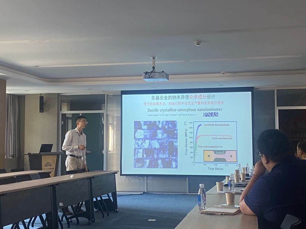 材创“0-1”青年学术论坛邀请西安交通大学吴戈教授做了题为“多级纳米化学异质非晶合金实现室温大塑性均匀流变”的学术报告。报告由王龙教授主持,学院青年教师和学生30余人参加会议。
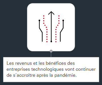 Leurs perspectives à long terme demeurent intactes. Selon toute probabilité, les sociétés technologiques bénéficieront tout autant que les autres de la reprise économique. S'il est vrai que certaines activités en lien avec le télétravail verront peut-être leur avance se réduire après la pandémie, la plupart des groupes technologiques à qui bénéficient les confinements et les mesures de distanciation sociale devraient continuer d’accroître leurs revenus et leurs bénéfices. La tendance de la dématérialisation est bien partie pour durer.
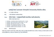 VU3V a ZŠ a ZUŠ Zliv zvou na letní semestr. Začátek od 2.2.2026 v 9.30 hod v sále ZUŠ Zliv. Téma je Jižní Asie - nejpestřejší exotika naší planety. Více v příloze
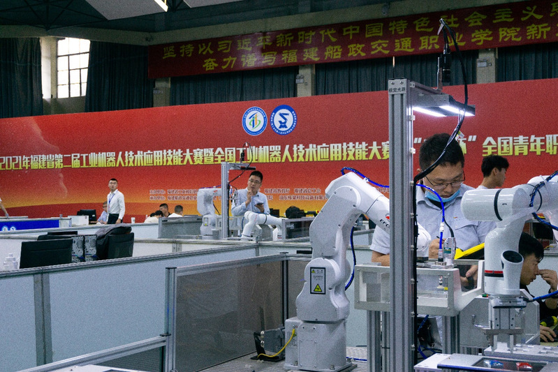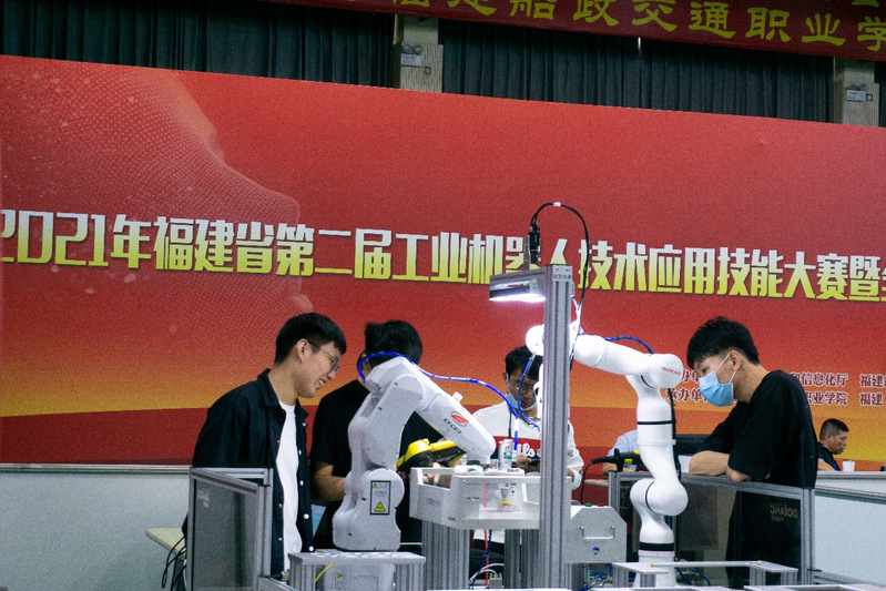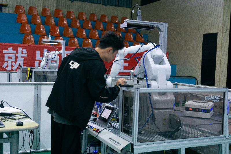 全國(guó)工業(yè)機(jī)器人技術(shù)應(yīng)用技能大賽培訓(xùn)現(xiàn)場(chǎng)
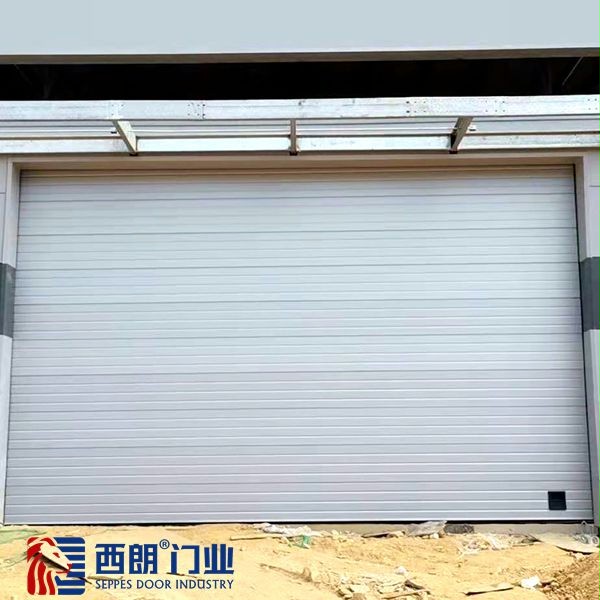 该客户使用的是钢制电动提升门,宽度相对比较大,为了更好的防风抗压具备多个抗风背筋,保证基本6-8级的抗风性能;门板的颜色改成银灰色,更显时尚大气,更符合客户的气场;由于新建厂房上方空间有限,不能直升上去,选择翻板转弯提升,上升速度在0.25-0.35m/s。
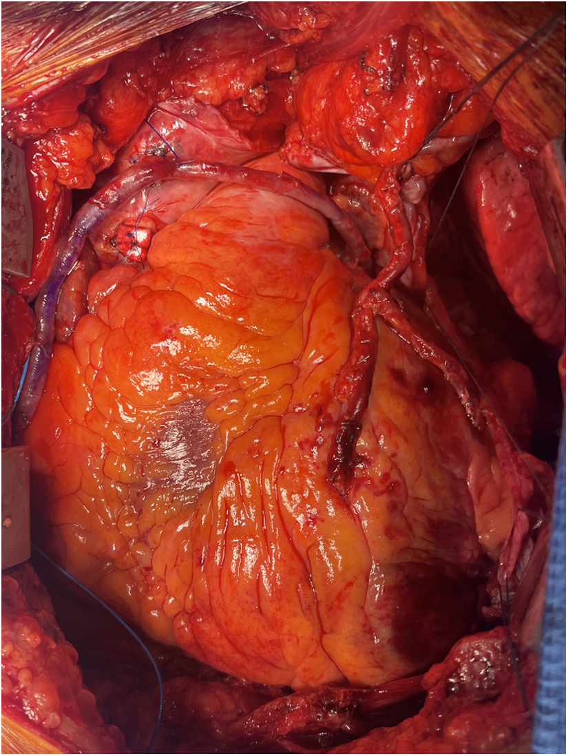 Instead of punching a second hole in the aorta, the hood of the SVG, directly over the aortotomy, is longitudinally incised with a scalpel to create an orifice. A second graft, either another SVG or an arterial conduit, is then anastomosed to the hood of the first anastomosis using a 7.0 or 8.0 polypropylene suture, completing the piggyback configuration (Figure 2).
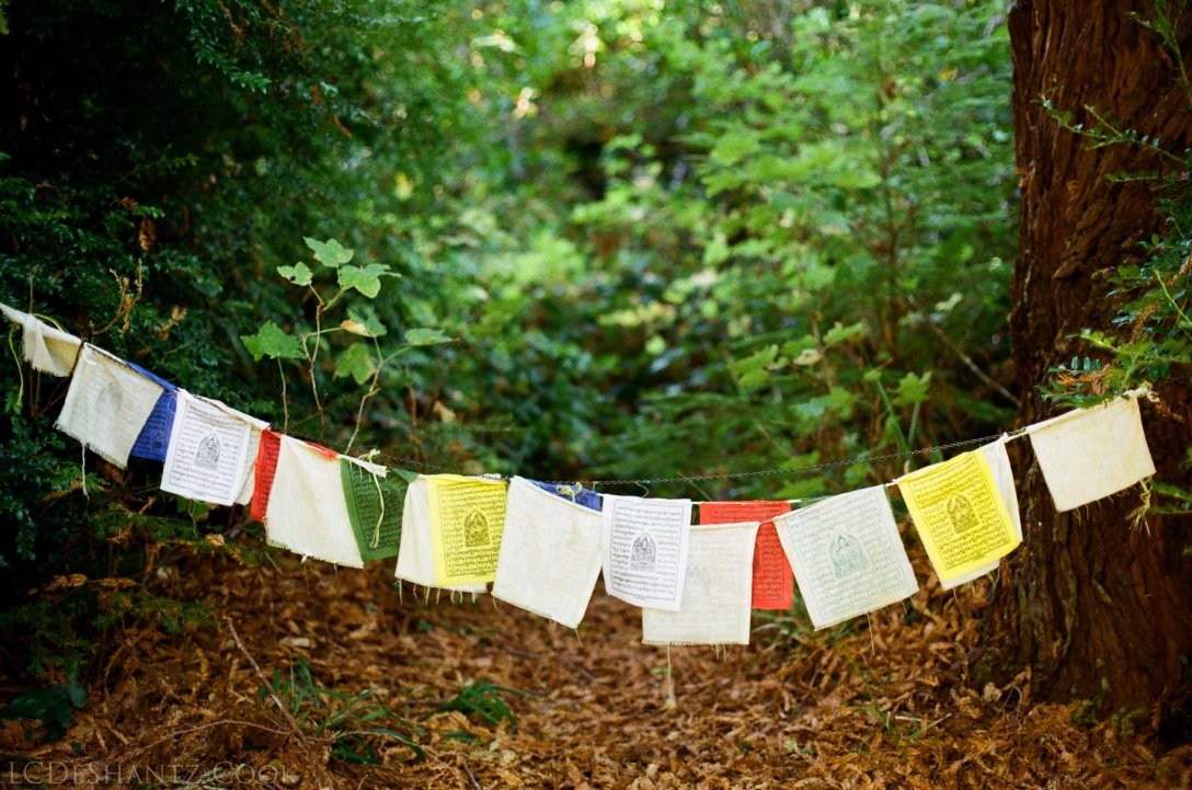 our cabin in the woodsprayer flags and pathgarden

Instructions to follow
Return the lines exactly as they stand, from the start of the entries through the line holding "该客户使用的是钢制电动提升门"; omit the pictures.

Answer section
 材创“0-1”青年学术论坛邀请西安交通大学吴戈教授做了题为“多级纳米化学异质非晶合金实现室温大塑性均匀流变”的学术报告。报告由王龙教授主持,学院青年教师和学生30余人参加会议。
 Leurs perspectives à long terme demeurent intactes. Selon toute probabilité, les sociétés technologiques bénéficieront tout autant que les autres de la reprise économique. S'il est vrai que certaines activités en lien avec le télétravail verront peut-être leur avance se réduire après la pandémie, la plupart des groupes technologiques à qui bénéficient les confinements et les mesures de distanciation sociale devraient continuer d’accroître leurs revenus et leurs bénéfices. La tendance de la dématérialisation est bien partie pour durer.
 VU3V a ZŠ a ZUŠ Zliv zvou na letní semestr. Začátek od 2.2.2026 v 9.30 hod v sále ZUŠ Zliv. Téma je Jižní Asie - nejpestřejší exotika naší planety. Více v příloze
 全國(guó)工業(yè)機(jī)器人技術(shù)應(yīng)用技能大賽培訓(xùn)現(xiàn)場(chǎng)
 该客户使用的是钢制电动提升门,宽度相对比较大,为了更好的防风抗压具备多个抗风背筋,保证基本6-8级的抗风性能;门板的颜色改成银灰色,更显时尚大气,更符合客户的气场;由于新建厂房上方空间有限,不能直升上去,选择翻板转弯提升,上升速度在0.25-0.35m/s。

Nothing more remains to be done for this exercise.